**EXERCISE REQUIREMENTS**
From the records below, please repeat exactly the line that has "Get real-time performance", the line that has "The Little People's", and every line between them, and nothing else.

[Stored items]
*** Block opens ***
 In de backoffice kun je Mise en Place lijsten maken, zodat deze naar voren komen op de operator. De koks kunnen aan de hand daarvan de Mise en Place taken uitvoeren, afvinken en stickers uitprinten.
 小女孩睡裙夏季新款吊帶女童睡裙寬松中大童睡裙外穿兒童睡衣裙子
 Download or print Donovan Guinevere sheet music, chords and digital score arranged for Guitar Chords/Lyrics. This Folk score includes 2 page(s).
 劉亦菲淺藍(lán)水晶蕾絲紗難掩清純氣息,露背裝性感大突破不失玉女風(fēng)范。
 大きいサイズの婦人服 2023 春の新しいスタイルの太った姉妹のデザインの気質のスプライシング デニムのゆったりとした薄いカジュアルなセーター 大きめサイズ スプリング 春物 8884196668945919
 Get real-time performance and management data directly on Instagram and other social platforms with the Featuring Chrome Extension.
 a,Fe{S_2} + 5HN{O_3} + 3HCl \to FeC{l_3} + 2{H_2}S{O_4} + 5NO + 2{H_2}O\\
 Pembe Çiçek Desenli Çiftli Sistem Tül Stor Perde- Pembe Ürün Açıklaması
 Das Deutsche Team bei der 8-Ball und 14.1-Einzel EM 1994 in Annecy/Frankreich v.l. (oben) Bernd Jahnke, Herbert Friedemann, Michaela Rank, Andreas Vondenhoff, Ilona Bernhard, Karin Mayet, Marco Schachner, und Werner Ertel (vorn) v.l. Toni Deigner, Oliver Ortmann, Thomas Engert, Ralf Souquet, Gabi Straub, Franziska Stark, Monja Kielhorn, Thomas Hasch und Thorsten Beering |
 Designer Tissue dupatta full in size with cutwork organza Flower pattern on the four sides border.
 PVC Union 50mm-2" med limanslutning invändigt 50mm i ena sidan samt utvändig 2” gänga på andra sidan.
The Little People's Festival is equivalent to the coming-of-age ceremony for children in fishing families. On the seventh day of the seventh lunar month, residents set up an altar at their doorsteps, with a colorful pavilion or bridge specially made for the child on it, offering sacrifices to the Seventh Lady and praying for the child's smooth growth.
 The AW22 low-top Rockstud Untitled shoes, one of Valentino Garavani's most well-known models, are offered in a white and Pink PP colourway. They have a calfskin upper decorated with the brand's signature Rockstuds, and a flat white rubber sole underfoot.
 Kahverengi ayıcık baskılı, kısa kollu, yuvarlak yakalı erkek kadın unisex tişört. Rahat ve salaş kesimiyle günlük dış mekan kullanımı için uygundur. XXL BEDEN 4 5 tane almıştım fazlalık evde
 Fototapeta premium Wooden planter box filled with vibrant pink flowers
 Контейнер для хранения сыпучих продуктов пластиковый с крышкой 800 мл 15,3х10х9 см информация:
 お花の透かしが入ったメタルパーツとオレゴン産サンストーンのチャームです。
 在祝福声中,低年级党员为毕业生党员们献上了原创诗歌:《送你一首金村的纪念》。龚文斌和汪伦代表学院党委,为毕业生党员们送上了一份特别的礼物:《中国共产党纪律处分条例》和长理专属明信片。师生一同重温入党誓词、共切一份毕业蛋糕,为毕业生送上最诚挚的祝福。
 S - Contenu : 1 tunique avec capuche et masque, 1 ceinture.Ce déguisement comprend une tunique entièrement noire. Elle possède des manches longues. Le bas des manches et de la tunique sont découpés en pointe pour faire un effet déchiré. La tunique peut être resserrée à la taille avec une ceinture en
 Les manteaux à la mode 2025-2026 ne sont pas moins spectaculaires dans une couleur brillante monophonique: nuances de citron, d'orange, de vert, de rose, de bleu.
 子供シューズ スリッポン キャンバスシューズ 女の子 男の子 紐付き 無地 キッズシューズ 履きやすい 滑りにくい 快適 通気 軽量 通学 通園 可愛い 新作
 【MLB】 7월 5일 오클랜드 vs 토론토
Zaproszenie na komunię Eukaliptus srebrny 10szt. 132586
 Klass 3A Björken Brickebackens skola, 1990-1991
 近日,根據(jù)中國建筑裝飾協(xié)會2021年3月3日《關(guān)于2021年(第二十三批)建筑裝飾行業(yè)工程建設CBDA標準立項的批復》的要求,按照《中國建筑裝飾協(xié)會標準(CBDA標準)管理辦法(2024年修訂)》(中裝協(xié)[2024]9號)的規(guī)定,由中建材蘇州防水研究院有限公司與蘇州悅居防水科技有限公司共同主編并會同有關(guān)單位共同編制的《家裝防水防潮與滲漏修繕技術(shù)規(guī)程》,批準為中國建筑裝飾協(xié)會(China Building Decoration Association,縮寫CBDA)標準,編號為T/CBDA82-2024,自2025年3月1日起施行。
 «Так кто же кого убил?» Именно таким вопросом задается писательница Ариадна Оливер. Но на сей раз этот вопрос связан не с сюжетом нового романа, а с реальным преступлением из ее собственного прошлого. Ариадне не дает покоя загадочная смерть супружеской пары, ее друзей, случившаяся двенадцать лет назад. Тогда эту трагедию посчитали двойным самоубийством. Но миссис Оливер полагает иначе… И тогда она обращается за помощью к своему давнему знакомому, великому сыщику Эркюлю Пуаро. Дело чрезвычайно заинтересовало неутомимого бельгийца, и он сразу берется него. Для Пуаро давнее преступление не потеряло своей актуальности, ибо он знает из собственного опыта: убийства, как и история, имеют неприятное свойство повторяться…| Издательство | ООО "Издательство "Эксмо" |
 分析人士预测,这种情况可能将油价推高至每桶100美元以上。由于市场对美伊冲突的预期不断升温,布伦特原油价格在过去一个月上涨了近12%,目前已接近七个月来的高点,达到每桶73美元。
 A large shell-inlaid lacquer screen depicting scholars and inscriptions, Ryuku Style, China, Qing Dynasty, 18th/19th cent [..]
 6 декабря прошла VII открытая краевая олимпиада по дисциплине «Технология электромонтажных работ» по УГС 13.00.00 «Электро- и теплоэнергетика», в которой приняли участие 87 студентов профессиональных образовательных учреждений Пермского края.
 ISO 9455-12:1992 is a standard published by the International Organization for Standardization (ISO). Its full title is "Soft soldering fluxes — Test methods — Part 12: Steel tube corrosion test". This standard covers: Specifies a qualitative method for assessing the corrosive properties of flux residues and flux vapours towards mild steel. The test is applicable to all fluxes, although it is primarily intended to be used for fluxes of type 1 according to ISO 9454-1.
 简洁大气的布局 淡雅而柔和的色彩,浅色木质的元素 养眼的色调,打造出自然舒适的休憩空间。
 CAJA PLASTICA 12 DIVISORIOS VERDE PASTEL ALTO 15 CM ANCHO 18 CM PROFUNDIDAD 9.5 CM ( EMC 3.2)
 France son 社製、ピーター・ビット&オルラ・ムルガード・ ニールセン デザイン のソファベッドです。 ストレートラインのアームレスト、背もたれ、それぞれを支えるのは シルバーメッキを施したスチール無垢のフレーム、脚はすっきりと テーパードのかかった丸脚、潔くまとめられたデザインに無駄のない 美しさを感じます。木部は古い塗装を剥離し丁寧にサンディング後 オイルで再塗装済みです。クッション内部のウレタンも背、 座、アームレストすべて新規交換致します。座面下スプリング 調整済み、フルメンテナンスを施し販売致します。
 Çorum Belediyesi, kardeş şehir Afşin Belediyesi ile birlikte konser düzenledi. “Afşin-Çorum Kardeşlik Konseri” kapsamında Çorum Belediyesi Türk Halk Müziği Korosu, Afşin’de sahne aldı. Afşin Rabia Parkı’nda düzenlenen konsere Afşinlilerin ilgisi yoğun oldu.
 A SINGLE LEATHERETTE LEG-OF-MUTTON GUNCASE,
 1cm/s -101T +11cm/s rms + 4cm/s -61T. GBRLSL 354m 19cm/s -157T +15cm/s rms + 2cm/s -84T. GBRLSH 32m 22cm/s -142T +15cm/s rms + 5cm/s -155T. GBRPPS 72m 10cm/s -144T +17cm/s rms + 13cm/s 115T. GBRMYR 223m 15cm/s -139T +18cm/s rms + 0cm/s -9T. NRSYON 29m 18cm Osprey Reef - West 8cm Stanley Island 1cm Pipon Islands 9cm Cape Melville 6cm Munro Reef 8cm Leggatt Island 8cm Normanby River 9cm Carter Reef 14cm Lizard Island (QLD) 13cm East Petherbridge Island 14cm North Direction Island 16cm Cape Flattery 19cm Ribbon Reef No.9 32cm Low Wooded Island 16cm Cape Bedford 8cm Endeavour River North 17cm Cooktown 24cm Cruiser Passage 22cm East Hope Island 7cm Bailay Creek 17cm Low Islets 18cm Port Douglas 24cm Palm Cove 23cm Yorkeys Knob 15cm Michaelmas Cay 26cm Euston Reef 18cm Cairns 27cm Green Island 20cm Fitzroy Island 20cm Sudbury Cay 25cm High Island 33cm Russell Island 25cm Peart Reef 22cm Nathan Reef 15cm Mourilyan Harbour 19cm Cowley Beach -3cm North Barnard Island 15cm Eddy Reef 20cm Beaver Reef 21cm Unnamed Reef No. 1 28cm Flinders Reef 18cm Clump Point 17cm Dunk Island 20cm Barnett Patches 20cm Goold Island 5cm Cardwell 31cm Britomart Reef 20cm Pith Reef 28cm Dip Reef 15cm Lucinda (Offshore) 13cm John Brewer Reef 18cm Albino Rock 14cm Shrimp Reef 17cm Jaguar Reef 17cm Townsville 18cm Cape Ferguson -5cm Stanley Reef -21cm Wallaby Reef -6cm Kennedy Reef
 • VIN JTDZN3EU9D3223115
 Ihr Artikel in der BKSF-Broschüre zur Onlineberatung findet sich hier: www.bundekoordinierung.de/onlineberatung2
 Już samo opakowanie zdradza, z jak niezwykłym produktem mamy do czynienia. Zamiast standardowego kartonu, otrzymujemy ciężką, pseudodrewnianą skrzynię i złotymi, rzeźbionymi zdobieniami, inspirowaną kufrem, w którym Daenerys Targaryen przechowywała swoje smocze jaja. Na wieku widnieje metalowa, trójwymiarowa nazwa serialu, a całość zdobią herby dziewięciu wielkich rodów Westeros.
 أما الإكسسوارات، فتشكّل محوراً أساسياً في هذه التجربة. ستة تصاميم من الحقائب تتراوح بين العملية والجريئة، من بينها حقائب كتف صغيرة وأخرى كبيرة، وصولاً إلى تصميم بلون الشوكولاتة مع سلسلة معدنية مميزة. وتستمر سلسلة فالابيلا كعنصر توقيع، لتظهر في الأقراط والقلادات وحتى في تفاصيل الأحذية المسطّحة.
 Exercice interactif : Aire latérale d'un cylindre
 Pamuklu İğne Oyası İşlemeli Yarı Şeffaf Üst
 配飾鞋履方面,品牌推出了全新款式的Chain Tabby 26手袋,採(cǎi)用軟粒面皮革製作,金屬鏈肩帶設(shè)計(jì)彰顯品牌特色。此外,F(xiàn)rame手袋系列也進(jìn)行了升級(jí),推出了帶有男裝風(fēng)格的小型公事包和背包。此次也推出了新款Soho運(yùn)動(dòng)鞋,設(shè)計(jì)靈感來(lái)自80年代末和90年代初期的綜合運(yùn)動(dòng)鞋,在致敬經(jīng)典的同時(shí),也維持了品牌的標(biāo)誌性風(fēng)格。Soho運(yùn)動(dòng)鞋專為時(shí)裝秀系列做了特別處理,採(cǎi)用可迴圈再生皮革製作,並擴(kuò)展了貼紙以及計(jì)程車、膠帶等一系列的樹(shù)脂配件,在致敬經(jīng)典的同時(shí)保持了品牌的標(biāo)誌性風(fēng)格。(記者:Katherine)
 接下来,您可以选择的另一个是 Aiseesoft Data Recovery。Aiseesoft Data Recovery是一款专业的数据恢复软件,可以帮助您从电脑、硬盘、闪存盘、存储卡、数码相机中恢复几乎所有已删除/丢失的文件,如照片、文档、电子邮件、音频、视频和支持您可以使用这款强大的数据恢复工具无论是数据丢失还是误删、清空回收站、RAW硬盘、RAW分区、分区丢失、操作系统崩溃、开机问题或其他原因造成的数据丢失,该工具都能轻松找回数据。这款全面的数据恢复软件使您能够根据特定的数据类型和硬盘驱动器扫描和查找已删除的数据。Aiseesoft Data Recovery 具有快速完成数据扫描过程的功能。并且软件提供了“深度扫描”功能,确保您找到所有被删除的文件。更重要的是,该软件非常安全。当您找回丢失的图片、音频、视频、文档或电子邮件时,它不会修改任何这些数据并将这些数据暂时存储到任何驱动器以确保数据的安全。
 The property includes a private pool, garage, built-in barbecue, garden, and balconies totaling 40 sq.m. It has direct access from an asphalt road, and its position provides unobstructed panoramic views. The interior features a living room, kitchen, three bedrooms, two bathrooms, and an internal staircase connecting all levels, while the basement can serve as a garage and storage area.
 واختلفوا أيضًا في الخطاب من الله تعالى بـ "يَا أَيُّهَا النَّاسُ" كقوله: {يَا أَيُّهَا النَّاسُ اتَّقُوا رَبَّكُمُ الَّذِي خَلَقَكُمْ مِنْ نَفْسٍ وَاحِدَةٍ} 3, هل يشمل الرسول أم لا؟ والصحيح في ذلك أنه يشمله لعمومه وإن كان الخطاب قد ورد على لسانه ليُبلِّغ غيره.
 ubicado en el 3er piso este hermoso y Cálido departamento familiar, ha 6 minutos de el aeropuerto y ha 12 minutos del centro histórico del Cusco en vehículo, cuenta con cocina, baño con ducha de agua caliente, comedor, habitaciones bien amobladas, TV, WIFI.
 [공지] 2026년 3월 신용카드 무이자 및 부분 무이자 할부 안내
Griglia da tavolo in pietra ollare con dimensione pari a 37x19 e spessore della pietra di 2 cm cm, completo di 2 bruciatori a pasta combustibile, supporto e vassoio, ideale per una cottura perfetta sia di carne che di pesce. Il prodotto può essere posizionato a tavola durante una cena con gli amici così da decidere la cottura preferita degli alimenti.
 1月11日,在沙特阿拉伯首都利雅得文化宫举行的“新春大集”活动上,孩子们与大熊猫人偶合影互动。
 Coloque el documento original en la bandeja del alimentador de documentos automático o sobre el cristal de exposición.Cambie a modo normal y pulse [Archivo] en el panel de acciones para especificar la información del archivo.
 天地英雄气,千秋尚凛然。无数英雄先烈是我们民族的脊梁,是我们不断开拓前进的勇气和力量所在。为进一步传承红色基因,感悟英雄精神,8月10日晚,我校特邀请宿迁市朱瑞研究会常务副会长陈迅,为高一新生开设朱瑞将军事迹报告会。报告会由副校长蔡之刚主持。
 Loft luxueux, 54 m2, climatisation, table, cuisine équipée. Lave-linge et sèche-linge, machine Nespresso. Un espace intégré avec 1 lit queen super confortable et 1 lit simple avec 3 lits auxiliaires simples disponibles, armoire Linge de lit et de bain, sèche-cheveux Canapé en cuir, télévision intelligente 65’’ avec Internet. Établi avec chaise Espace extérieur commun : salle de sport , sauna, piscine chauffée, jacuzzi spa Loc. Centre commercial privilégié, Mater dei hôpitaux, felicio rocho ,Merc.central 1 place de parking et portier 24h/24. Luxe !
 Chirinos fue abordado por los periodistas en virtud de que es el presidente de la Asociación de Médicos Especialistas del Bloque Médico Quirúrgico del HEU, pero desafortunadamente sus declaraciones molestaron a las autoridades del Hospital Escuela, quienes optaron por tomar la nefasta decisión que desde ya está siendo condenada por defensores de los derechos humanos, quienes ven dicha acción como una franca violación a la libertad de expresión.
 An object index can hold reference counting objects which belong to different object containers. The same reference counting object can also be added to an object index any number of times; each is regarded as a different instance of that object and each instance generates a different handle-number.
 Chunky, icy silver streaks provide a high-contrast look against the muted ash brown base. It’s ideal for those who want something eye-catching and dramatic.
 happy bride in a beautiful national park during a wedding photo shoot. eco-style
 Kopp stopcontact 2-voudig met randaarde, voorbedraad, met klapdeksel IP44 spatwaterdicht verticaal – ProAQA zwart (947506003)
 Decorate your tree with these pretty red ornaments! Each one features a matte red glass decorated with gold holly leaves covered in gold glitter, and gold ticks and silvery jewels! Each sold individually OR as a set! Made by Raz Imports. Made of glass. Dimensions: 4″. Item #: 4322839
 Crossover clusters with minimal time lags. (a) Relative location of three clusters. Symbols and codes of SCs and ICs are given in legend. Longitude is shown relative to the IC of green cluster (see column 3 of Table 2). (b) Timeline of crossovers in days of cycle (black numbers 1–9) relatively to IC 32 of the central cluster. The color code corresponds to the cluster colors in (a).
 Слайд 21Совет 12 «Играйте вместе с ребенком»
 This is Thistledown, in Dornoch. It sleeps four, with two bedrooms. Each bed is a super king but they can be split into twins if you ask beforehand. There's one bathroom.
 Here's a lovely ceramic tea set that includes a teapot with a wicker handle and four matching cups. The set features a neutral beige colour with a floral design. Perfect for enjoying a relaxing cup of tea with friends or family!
*** Block closes ***
**EXPECTED ANSWER**
 Get real-time performance and management data directly on Instagram and other social platforms with the Featuring Chrome Extension.
 a,Fe{S_2} + 5HN{O_3} + 3HCl \to FeC{l_3} + 2{H_2}S{O_4} + 5NO + 2{H_2}O\\
 Pembe Çiçek Desenli Çiftli Sistem Tül Stor Perde- Pembe Ürün Açıklaması
 Das Deutsche Team bei der 8-Ball und 14.1-Einzel EM 1994 in Annecy/Frankreich v.l. (oben) Bernd Jahnke, Herbert Friedemann, Michaela Rank, Andreas Vondenhoff, Ilona Bernhard, Karin Mayet, Marco Schachner, und Werner Ertel (vorn) v.l. Toni Deigner, Oliver Ortmann, Thomas Engert, Ralf Souquet, Gabi Straub, Franziska Stark, Monja Kielhorn, Thomas Hasch und Thorsten Beering |
 Designer Tissue dupatta full in size with cutwork organza Flower pattern on the four sides border.
 PVC Union 50mm-2" med limanslutning invändigt 50mm i ena sidan samt utvändig 2” gänga på andra sidan.
The Little People's Festival is equivalent to the coming-of-age ceremony for children in fishing families. On the seventh day of the seventh lunar month, residents set up an altar at their doorsteps, with a colorful pavilion or bridge specially made for the child on it, offering sacrifices to the Seventh Lady and praying for the child's smooth growth.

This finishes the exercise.